The complexity for merchants of reaching compliance with PCI requirements varies depending on the number of electronic transactions a business processes per month. Heavier transaction volume leads to more-stringent security requirements.
Third-Party Vendors
Pettiti advocates that ISOs and their merchants turn to vendors for help in the process, a move that potentially could bring more business to vendors such as Trustwave and Salt Lake City-based Panoptic Security Inc. Panoptic has a revenue-sharing program for ISOs when their merchants buy Panoptic's PCI-compliance services.
"I don't know how an ISO would accomplish PCI compliance with merchants without involving an external provider," says Pettiti. ISOs "are not certified to perform PCI work. They're much better off turning to someone who has expertise."
Some ISOs view the issue of going to a third-party vendor for security assistance as one that hinges on the size of the merchant. It is almost automatic for a large merchant and its ISO/processor to select an outside vendor because the PCI requirements of Level 1 and Level 2 merchants are more time consuming and complex than they are for smaller businesses. Level 1 and 2 merchants process substantially more transactions—at least 6 million per year—than their Level 4 counterparts.
"Most ISOs sell to people doing $5,000 to $10,000 a month," says Steve Norell of U.S. Merchant Services, a Port St. Lucie, Fla.-based ISO. "But selling to bigger merchants, you partner with third-party vendors."
The Merchant Decides
Yet Norell says it ultimately is up to the merchant to decide how much it wants to spend and how much effort should go into the PCI-compliance process. "All I can do is inform the merchant," he says. "What the merchant does with that material, whether he wants to believe it or not, that's his business."
The merchant needs to learn from the ISO the technical requirements of the compliance process as well as what its liability is for noncompliance, says Ayman Rida, president of Farmington Hills, Mich.-based ISO Netco Merchant Processing. "We have to explain to them the security reasons behind PCI and that they can be driven out of business by the fines," he says.
Pettiti says ISOs and acquiring banks can look at the security needs of a merchant from two perspectives. One is to reach PCI compliance.
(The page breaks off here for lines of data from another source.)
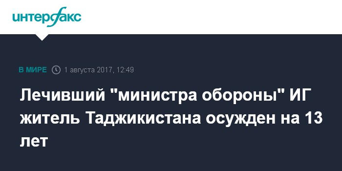 Москва. 1 августа. INTERFAX.RU - В Душанбе к 13 годам лишения свободы приговорен местный житель, который оказывал в Сирии медицинскую помощь экс-командиру ОМОН МВД Таджикистана Гулмуроду Халимову, перешедшему на сторону террористической организации "Исламское государство" (ИГИЛ, запрещена в РФ).
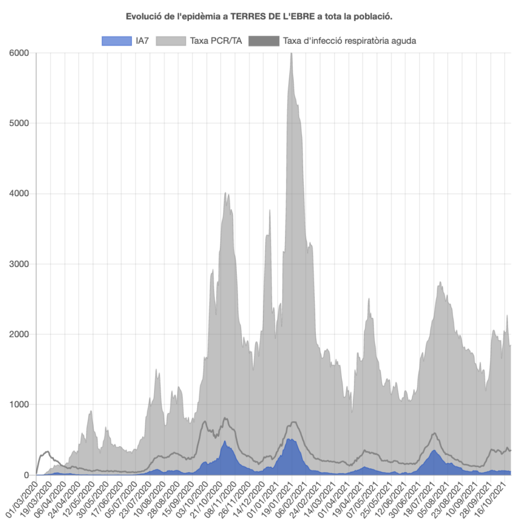 Segons dadescovid.cat, hi ha 11 persones ingressades per Covid-19, igual que ahir, 4 de les quals a l’UCI. A les Terres de l’Ebre han mort 190 persones des de l’inici de la pandèmia, cap més. Les dues últimes defuncions daten de l’11 i del 30 de setembre. La incidència a 7 dies és de 54 i a 14 dies és de 116. El 3,26% de les proves que es fan donen positiu.
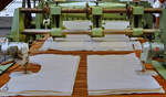 Zuschnitt von Baumwollvlies für die PKW Beplankung. (August Horch Museum Zwickau, August 2018)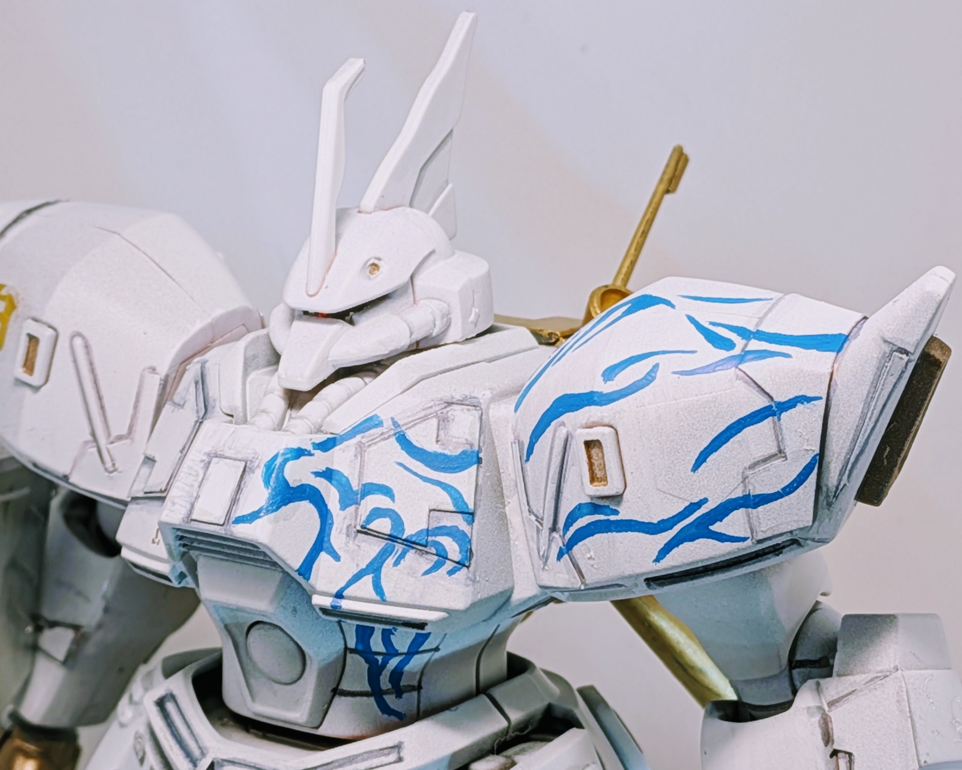 色味と肩口の波模様は、GUNDAM WEAPONSのゲルググ巻に載っていたアトリエ彩・大祐さんの作品オマージュです

The other is to look at additional security technologies that are not necessarily part of the PCI process but nonetheless can further indemnify a merchant from having its payment system breached.
Third-party vendors offer such technologies. An ISO would find it difficult to provide such security programs on its own, since they usually go beyond the range of expertise of even the most sophisticated ISOs.
Additional security technology and protection systems also can help merchants remain compliant with PCI requirements, diminishing the potential for them to move to another ISO or processor. "That adds some stickiness to the merchant/ISO relationship," suggests Pettiti. "And it mitigates the situation where that merchant will move, so it cuts back the attrition rate in the ISO's portfolio."
While many ISOs charge merchants a fee for helping them gain PCI compliance, not all do. Rida is more interested in building trust and long-term relationships with Netco's merchant clients than he is in making a buck off of security assistance.
"We educate our salespeople to use PCI compliance as a sales tool," he says. "I don't charge the merchant anything. We help them get educated on the security issues."
It is up to each ISO to evaluate how security can best be used to enhance the value of its business, whether through building long-term relationships or
creating a new revenue stream. Either way, the trend toward tighter security of card-payment systems can be parlayed by an ISO into a means to strengthen its enterprise.